◆ BRIEF ◆
In the entries below, repeat only the lines between those holding "圖3溫度(a)和Yb2O3含" and "1996 Topps 7 Mickey Mantle Gold Stamp", inclusive. Leave pictures out.

◆ PROVIDED DATA ◆
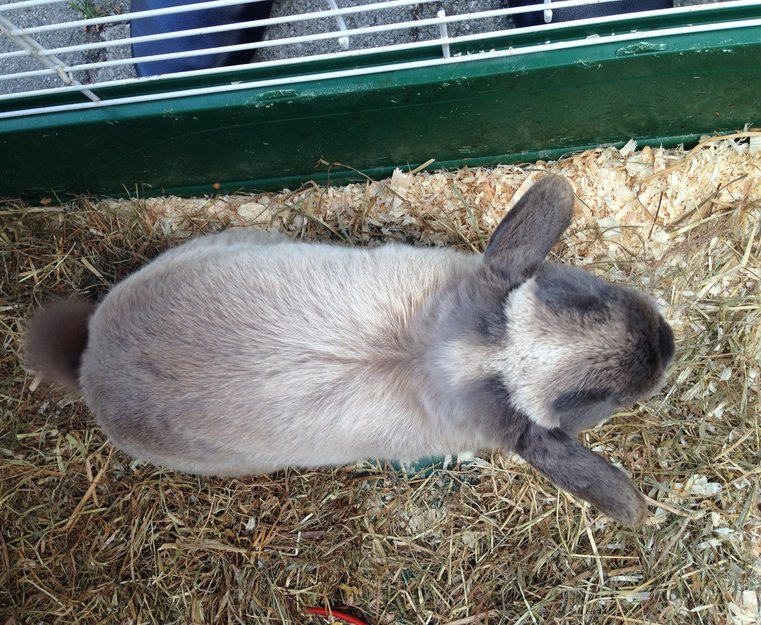 En nabo borti gaten er på ferie og hadde satt en hundegarde rundt kaninburet. Kaninen har flyttet garden til en klarte å grave hull i fugen mellom to skifer heller og kommet seg ut.
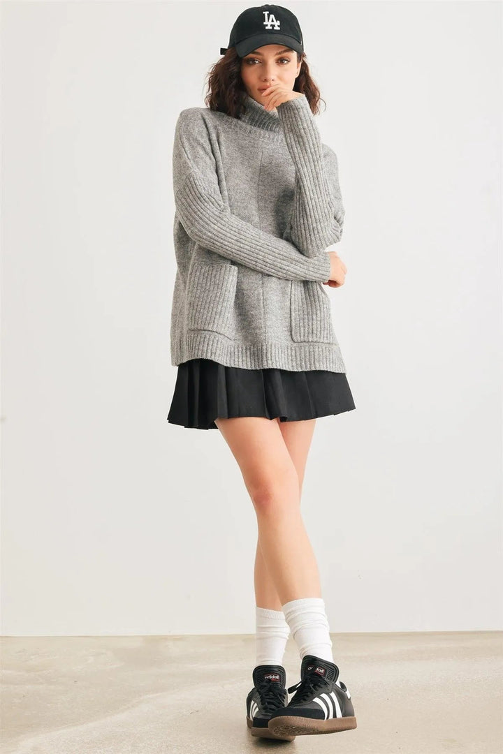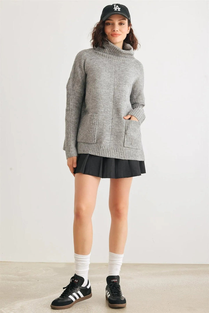 Heather Grey Turtleneck Knit Sweater – Women’s Long Sleeve Pullover with Pockets
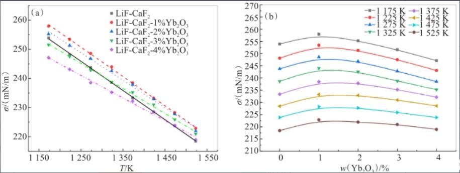 圖3溫度(a)和Yb2O3含量(b)對(duì)LiF-CaF2熔鹽體系表面張力的影響
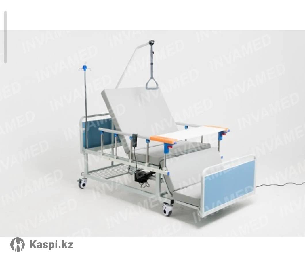 Кровать медицинская электрическая, трехфункциональная. Использовалась несколько дней. Принимает форму кресло, пациент полноценно сидит, что улучшает кровообращение и пищеварение, положение Фаулера,, санитарное устройство в комплекте с судном. Кровать оснащается матрасом толщиной 8 см, в защитном чехле влаго водонепроницаемый. Штанга для подтягивания для удобства пациента принимать удобное положение в кровати. Штатив для капельницы. Спинки кровати легкосъемные усиленные, обеспечивает доступ со стороны ног и головы. Столик для питания устанавливается на боковые поручни. Каждое колесо с индивидуальным тормозом.
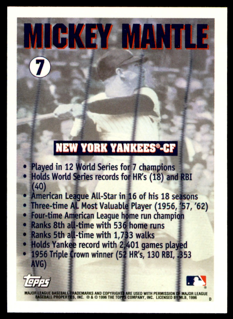 1996 Topps 7 Mickey Mantle Gold Stamp
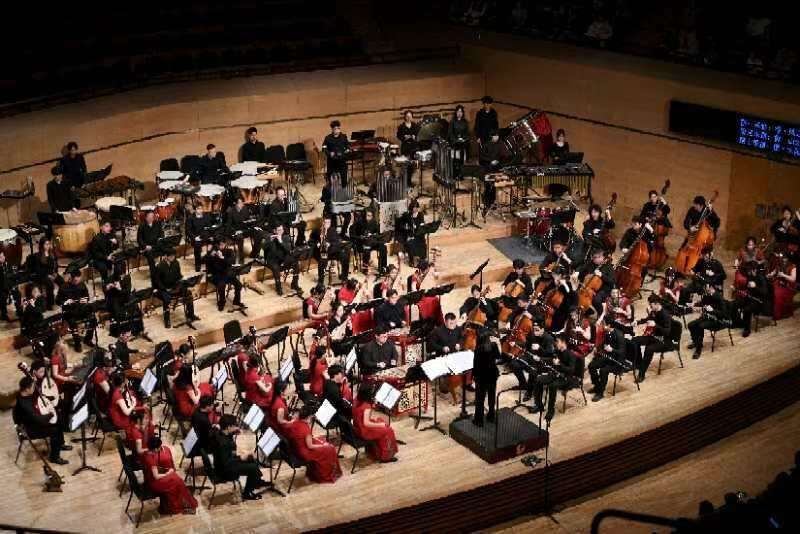 天津大学新年音乐会。天津大学供图上半场,北洋民族管弦乐团在常任指挥贾爱婷的指挥下,奏响中国锣鼓乐经典名曲《龙腾虎跃》,以音乐表现七个少数民族和谐相处的民族管弦乐组曲《七彩之和》(选段),描绘出一幅青山绿水画卷的《青青思念》等多首名曲,展现国乐之美。《射雕英雄传》主题曲《世间始终你好》燃爆全场,现场观众和乐团激情互动,尽显磅礴之气。音乐会下半场由北洋军乐团首席指挥李贝执棒,乐团带来了氛围热烈、旋律优美的管乐经典作品《王者之道:拉丁幻想曲》,表达人民对幸福向往和追求的《幸福的格物》,改编自经典民歌《在那遥远的地方》的管乐作品等中西方佳作。

◆ TASK ANSWER ◆
 圖3溫度(a)和Yb2O3含量(b)對(duì)LiF-CaF2熔鹽體系表面張力的影響
 Кровать медицинская электрическая, трехфункциональная. Использовалась несколько дней. Принимает форму кресло, пациент полноценно сидит, что улучшает кровообращение и пищеварение, положение Фаулера,, санитарное устройство в комплекте с судном. Кровать оснащается матрасом толщиной 8 см, в защитном чехле влаго водонепроницаемый. Штанга для подтягивания для удобства пациента принимать удобное положение в кровати. Штатив для капельницы. Спинки кровати легкосъемные усиленные, обеспечивает доступ со стороны ног и головы. Столик для питания устанавливается на боковые поручни. Каждое колесо с индивидуальным тормозом.
 1996 Topps 7 Mickey Mantle Gold Stamp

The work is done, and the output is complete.